I was sitting aboard a battered old bus in Valletta, Malta’s capital, on my way to search for Mario Cacciottolo, a retired Maltese diplomat who sent me a gentle rebuke after I misrepresented the country by dressing up like Colonel Gaddafi in a grammar school model U.N. in Buffalo, New York, in 1986. It was an insane quest, but I felt like I had to try to find him, so I could apologize in person, and let him know that I intended to correct the mistake I made all those years before.
(Read part 1 of this story here.)
On board, I showed the address I’d found for Mario in the phone book to a woman sitting next to me and she was able to tell me where to get off the bus, but couldn’t provide further details on how to find Xmiexi (shh-mee-she) Street. I ambled around what appeared to be an old, working class neighborhood lost in time, showing people Mario’s address like a lost child.”Ah, shmee-she street,” they’d say. “You’re very close!”

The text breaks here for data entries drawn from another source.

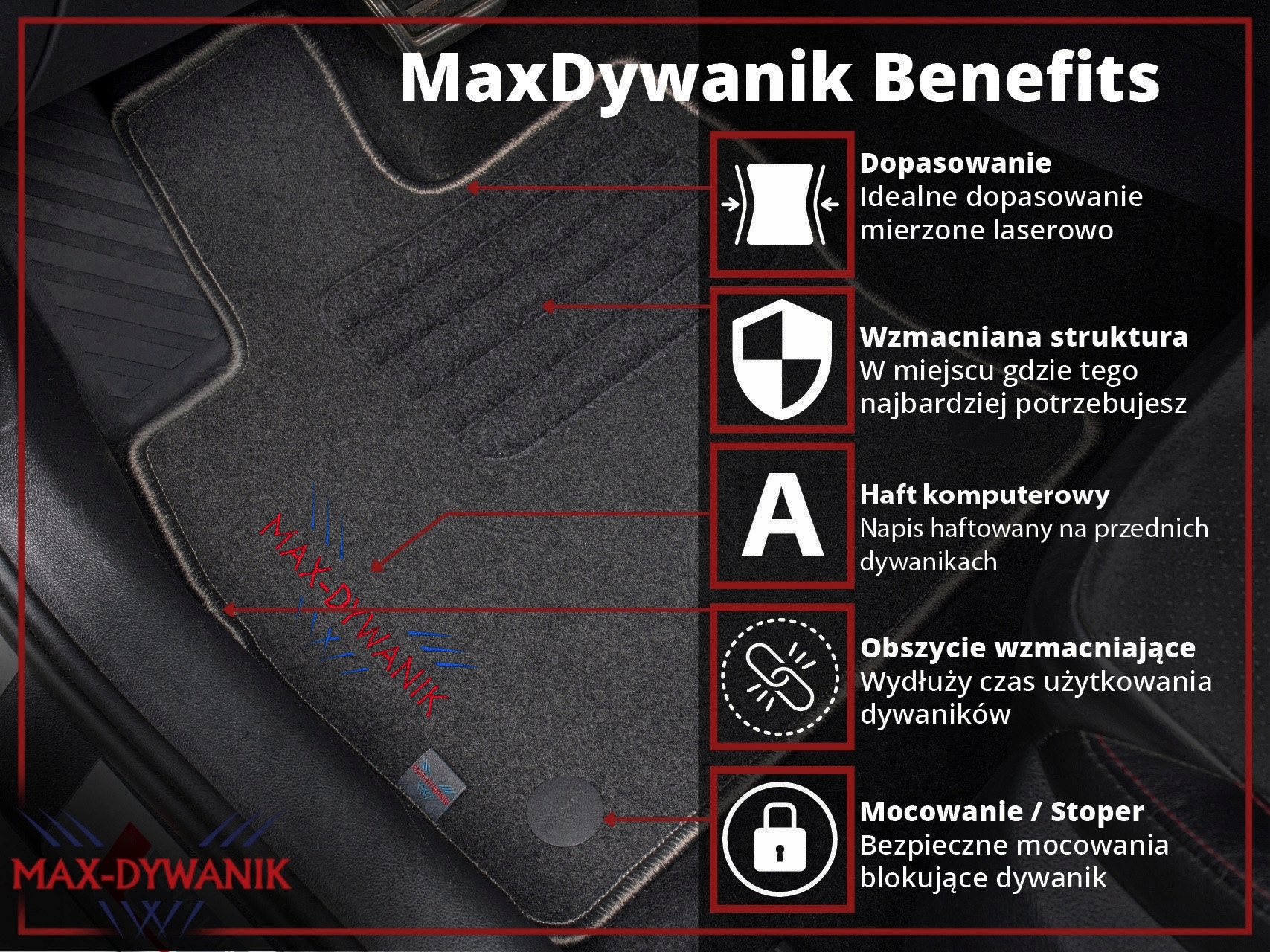 основною перевагою пропонованих килимків є посилене посилення на килимку водія. Завдяки застосуванню інноваційної технології ультразвукового зварювання футеровки отримано дуже естетичний продукт, основною перевагою якого є висока довговічність і функціональність. Килимки отримали новий унікальний дизайн і в той же час усунули недолік накладних підсилень (вистукування або стирання ниток)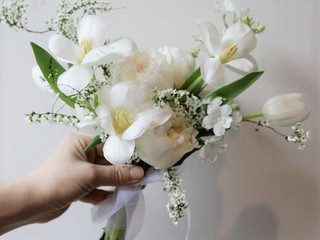 연핑크 장미와 화이트 카라를 믹스한 여성스러운 느낌의 부케입니다.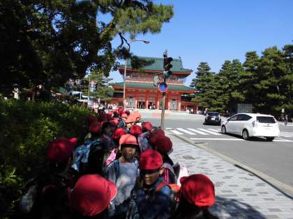 昼食時間は,社会科の学習でも学んだ文化的な施設や寺・神社が多く集まるところ周辺で過ごしました。動物園・美術館・平安神宮を実際に目にすることができました。大きな朱色の鳥居にも驚きでした。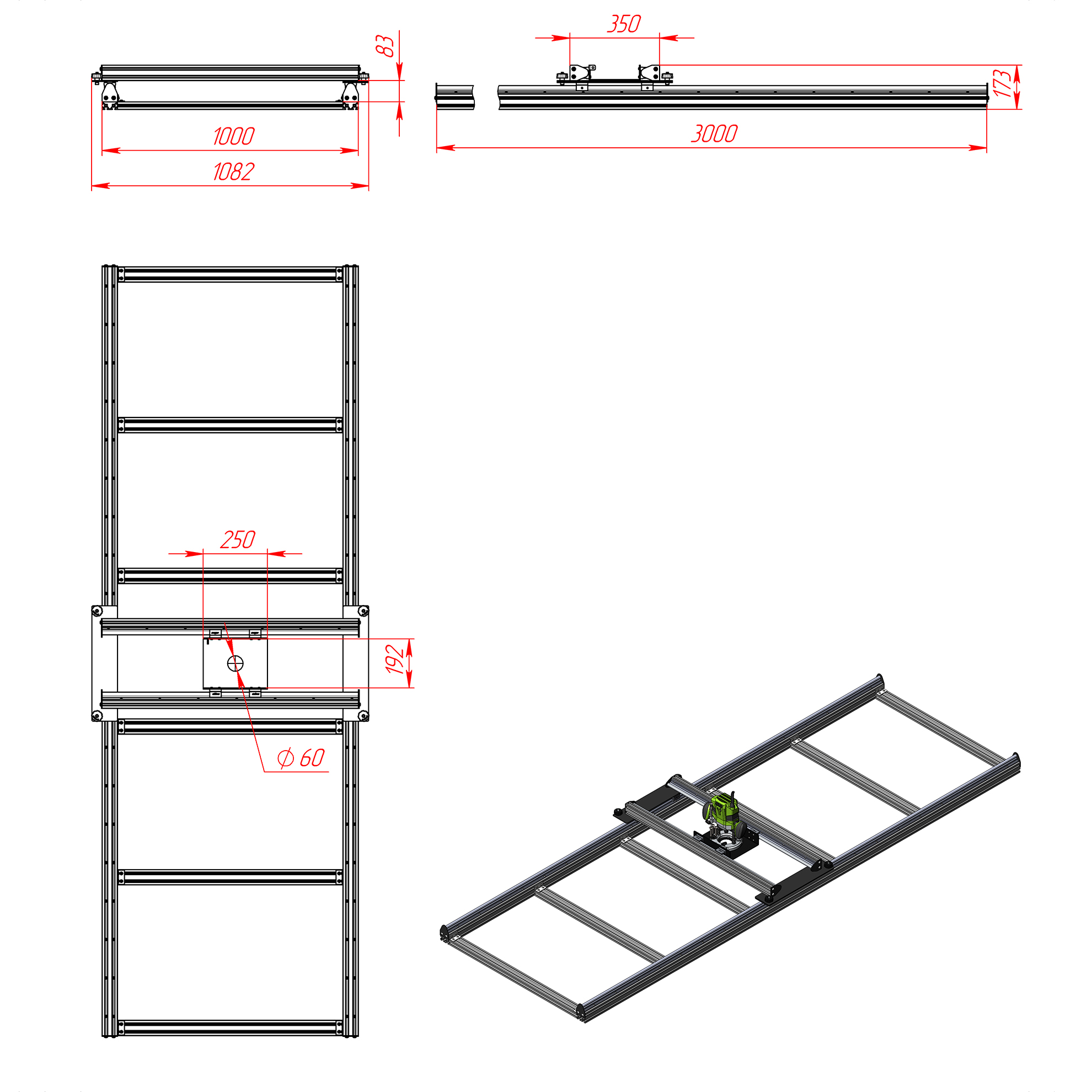 Комплект для самостоятельной сборки станка-калибратора слэбов, разработан для быстрой и точной выправки заготовок больших габаритов при использовании ручных или стационарных фрезеров с подошвой до 190 мм.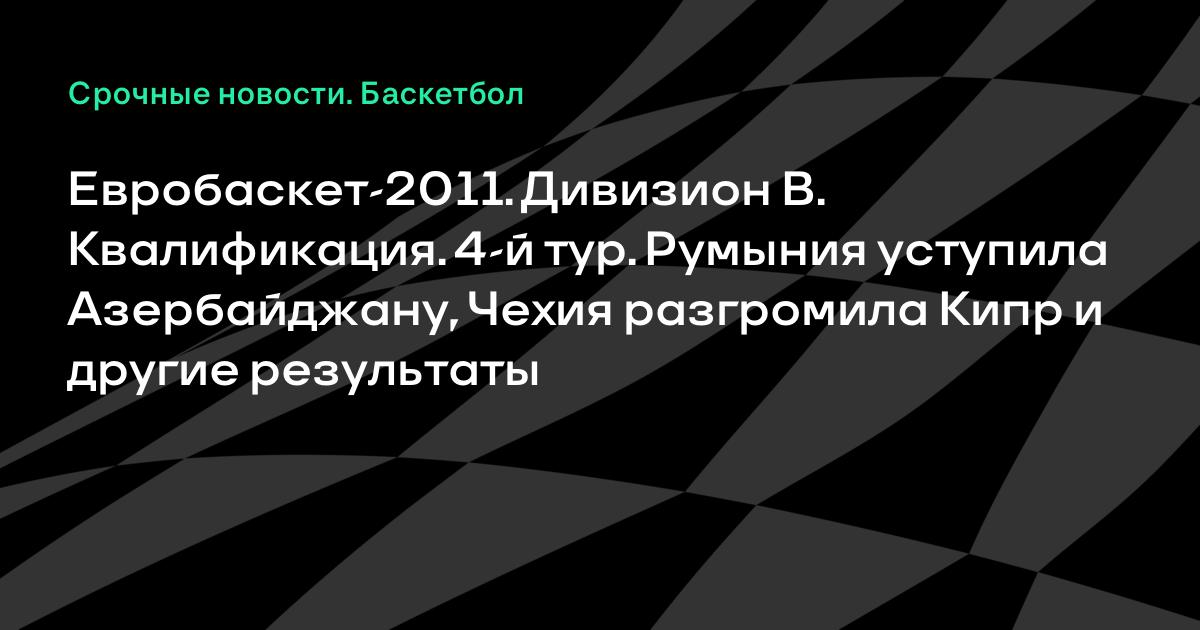 Евробаскет-2011. Дивизион В. Квалификация. 4-й тур. Румыния уступила Азербайджану, Чехия разгромила Кипр и другие результаты
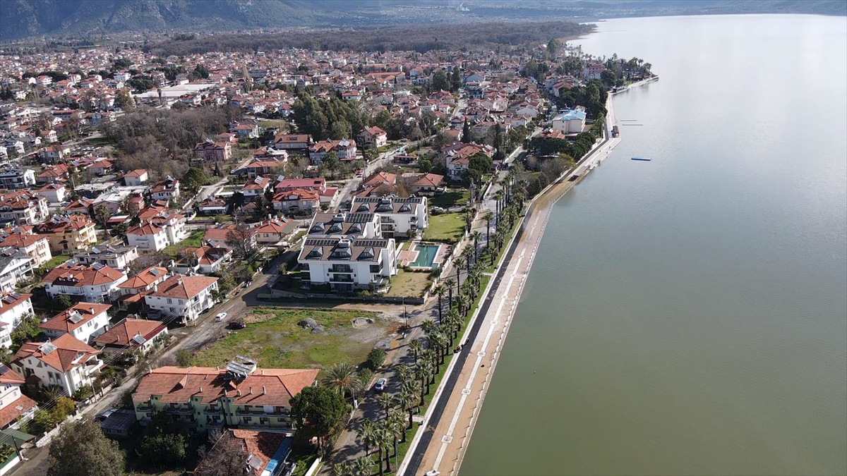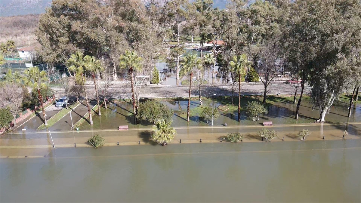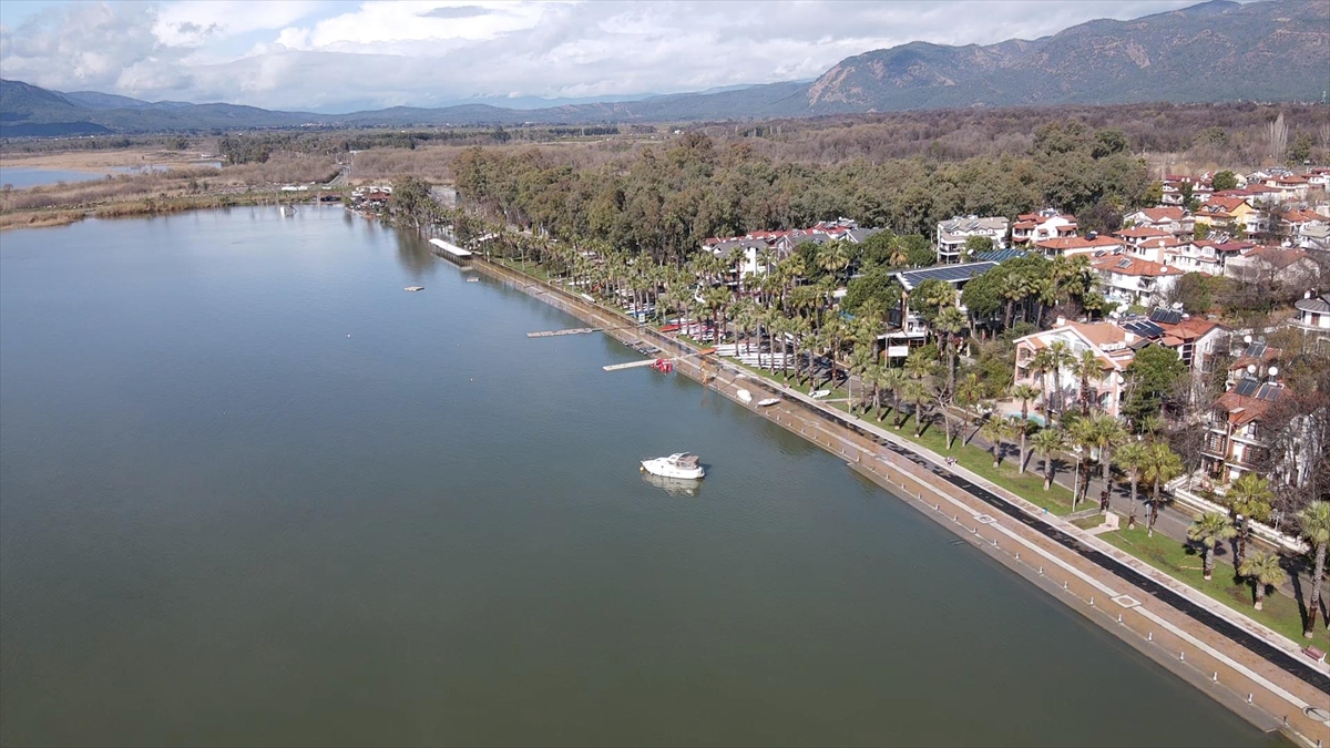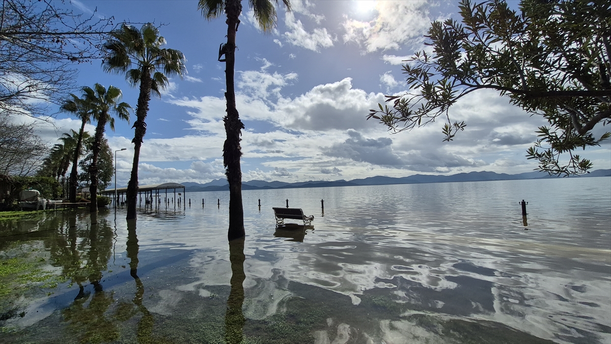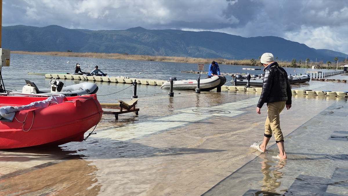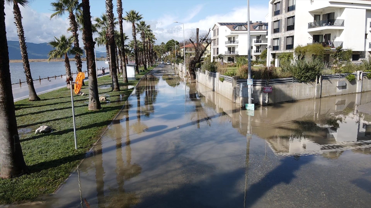 Köyceğiz Gölü`nde su seviyesi, yağışlar ve kuvvetli lodosla birlikte yükseldi.

But no one seemed to know precisely where it was. I asked again at a shop that sold delicious looking pastizzi for 23 cents, and a woman in a dirty apron led me across the street to confer with a friend who directed me to a police station to ask for further help. Feeling like perhaps Il Homa really was just a dream that wasn’t a real address, I flagged down a taxi, but alas, he had never even heard of the street.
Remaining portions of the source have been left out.